Without copying any picture, return all lines below exactly.

- **Provided data**:

╭──

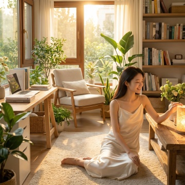 明亮通透的极简主义风格直播间背景,温暖的米白色墙壁与浅木色地板形成柔和基调,大面积自然光透过窗户洒入,在墙面投下清晰的竖条纹光影和植物阴影,营造出宁静舒适的氛围。房间内摆放着不同角度和布置的简约家具:浅色木质小圆桌,桌面可放置书籍或装饰品,旁边是大型绿植如龟背竹,搭配白色花盆,墙角挂有简约风格的抽象装饰画。地面铺有圆形浅色地毯,整体色调以米白、浅木色、淡绿色为主,光线柔和且层次分明,适合作为温馨自然的直播背景环境。
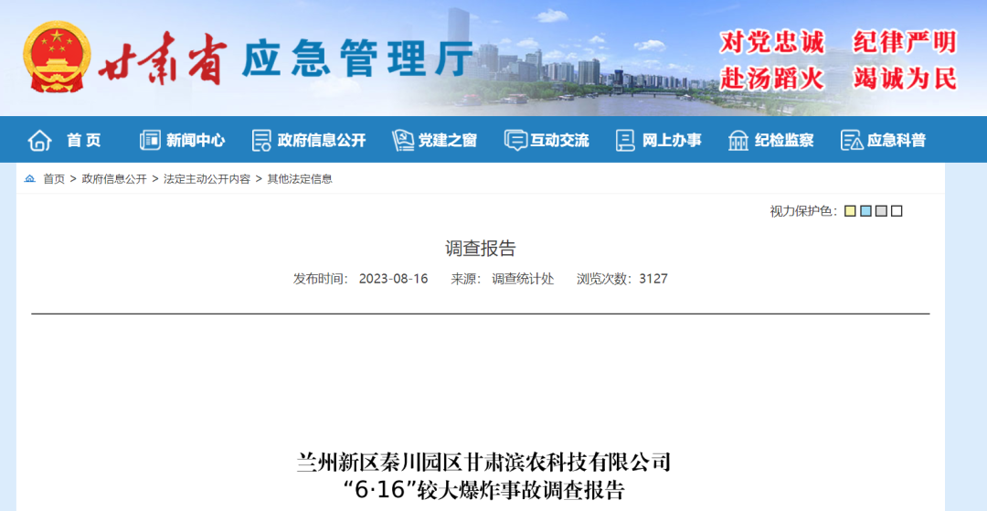 近日,甘肃省应急管理厅公布了《兰州新区秦川园区甘肃滨农科技有限公司“6·16”较大爆炸事故调查报告》。
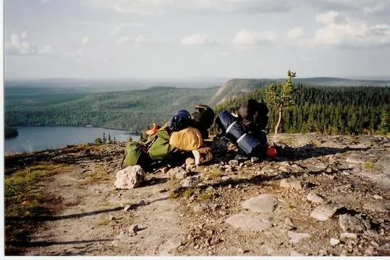 Om man går Karhunkierrosleden från norr så är de sista 1,5 milen (av 8 mil totalt) en sträcka att bita i. Kvällssolen och utsikten från Konttainen, Valtavaara och de andra topparna som ligger på rad gör det värt besväret.
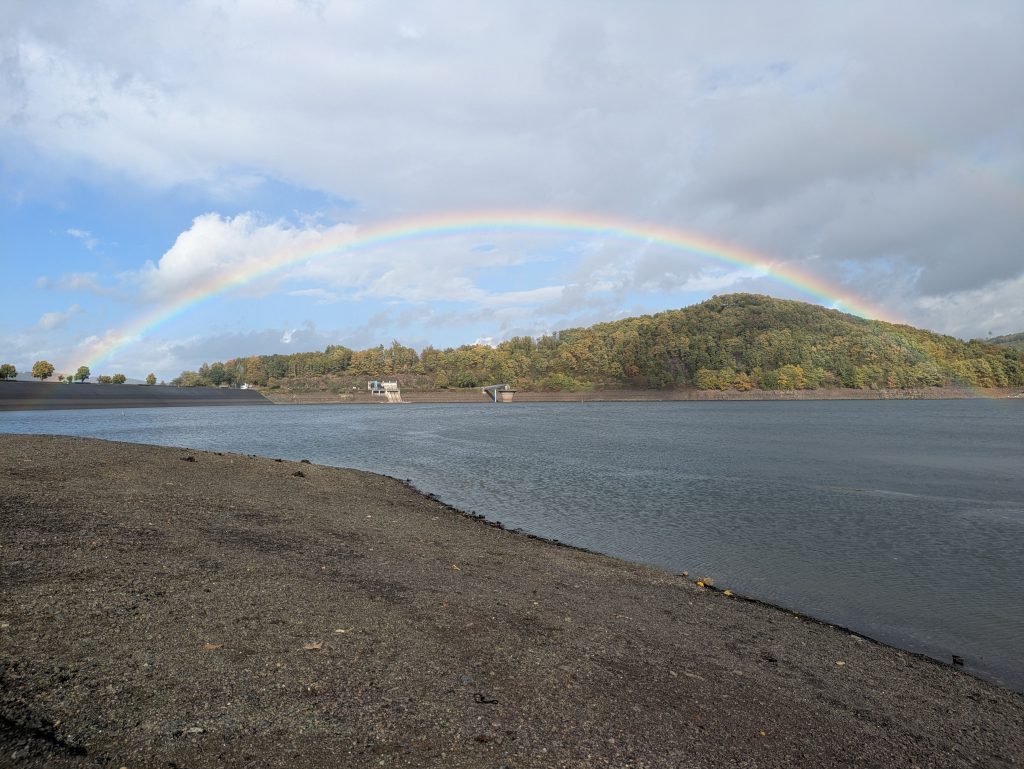Am nächsten Tag, auch um 18.00 Uhr sollte mein Lehrgruppentreffen in Attendorn beginnen. So blieb mir ausreichend Zeit, auf einem Morgenspaziergang 5 km um die Oestertalsperre herum zu gehen. In diesem See schwimmt Elke bei jedem Wetter, nach Möglichkeit täglich. Ich bewundere sie sehr dafür.

╰──

- **Written response**:
 明亮通透的极简主义风格直播间背景,温暖的米白色墙壁与浅木色地板形成柔和基调,大面积自然光透过窗户洒入,在墙面投下清晰的竖条纹光影和植物阴影,营造出宁静舒适的氛围。房间内摆放着不同角度和布置的简约家具:浅色木质小圆桌,桌面可放置书籍或装饰品,旁边是大型绿植如龟背竹,搭配白色花盆,墙角挂有简约风格的抽象装饰画。地面铺有圆形浅色地毯,整体色调以米白、浅木色、淡绿色为主,光线柔和且层次分明,适合作为温馨自然的直播背景环境。
 近日,甘肃省应急管理厅公布了《兰州新区秦川园区甘肃滨农科技有限公司“6·16”较大爆炸事故调查报告》。
 Om man går Karhunkierrosleden från norr så är de sista 1,5 milen (av 8 mil totalt) en sträcka att bita i. Kvällssolen och utsikten från Konttainen, Valtavaara och de andra topparna som ligger på rad gör det värt besväret.
Am nächsten Tag, auch um 18.00 Uhr sollte mein Lehrgruppentreffen in Attendorn beginnen. So blieb mir ausreichend Zeit, auf einem Morgenspaziergang 5 km um die Oestertalsperre herum zu gehen. In diesem See schwimmt Elke bei jedem Wetter, nach Möglichkeit täglich. Ich bewundere sie sehr dafür.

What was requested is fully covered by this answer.